Five of those killed were police officers whose night-time patrol was ambushed by gunmen early Saturday in Tuncingo, a rural area on the outskirts of the Pacific coast resort city.

The bullet-riddled bodies of eight other men were discovered in different areas around Acapulco in apparent drug-related killings, officials said. Two of the decapitated men were found on a scenic road packed with nightclubs.

The violence occurred as thousands of U.S. college students started arriving in the area for spring break.

More violence apparently linked to drugs flared later Saturday in Guerrero state, where Acapulco is located, with Mexican soldiers exchanging fire with gunmen, national newspaper Reforma reported. One soldier and 10 gunmen were killed in the shootout in the town of Ajuchitlan del Progreso, the newspaper said.

Valentin Diaz, director of the Guerrero state investigative police, said the gunfight erupted in the middle of the day in the center of the town as it was full of bystanders.

Several cartels are fighting over drug-dealing turf and trafficking routes in Guerrero. Gang violence occurs almost every day in the state, but Saturday was unusually bloody.

Any resurgence in violence would be bad news for the country's tourism industry. Last June, at least 18 people were killed in a shootout between drug gangs and soldiers in Acapulco, which is home to around a million people.

President Felipe Calderon has deployed tens of thousands of troops to Guerrero and other drug-trafficking hotspots across Mexico in an effort to root out cartels.
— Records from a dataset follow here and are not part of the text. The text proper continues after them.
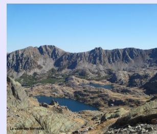
La vallée des Merveilles

Nuitée, dîner et petit déjeuner au Refuge Merveilles
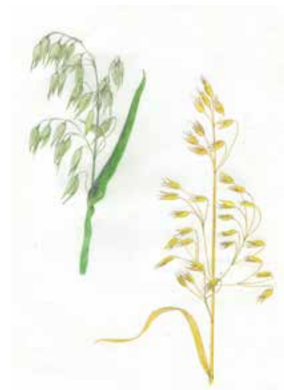
Avoine cultivée Avena sativa Poacées
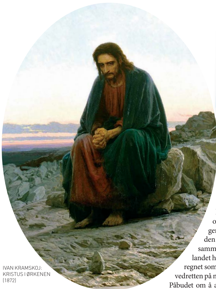
IVAN KRAMSKOJ: KRISTUS I ØRKENEN (1872)

Europa, der våren kom tidligere enn her lenger mot nord.
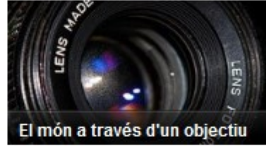
El món a través d'un objectiu
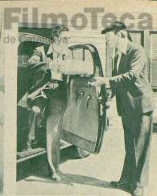
Stuart Erwin se queda perplejo al observar que el mismo se abre la portezuela del auto, al propio tiempo que Stuart Erwin se queda mirando al que baja y exclamar: «Caray, ¿hey yo, a soy el otro?»
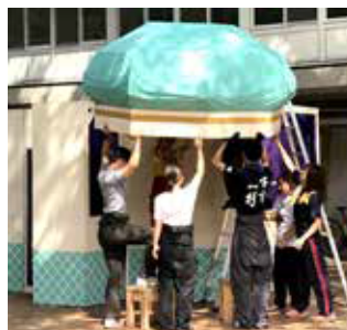
▲芸術祭のシンボルとなる総合案内所の制作風景。試行錯誤しながら制作されました。

Gang violence has surged since the crackdown began three years ago, claiming more than 17,900 lives.

Farther to the south in the state of Chiapas, which borders Guatemala, a grenade explosion inside a car killed one man and wounded another. State prosecutors said the dead man was holding the weapon when it exploded.

Investigators believe the victim belonged to the Zetas drug gang and had been about to throw the grenade at federal police offices in the state capital, Tuxtla Gutierrez.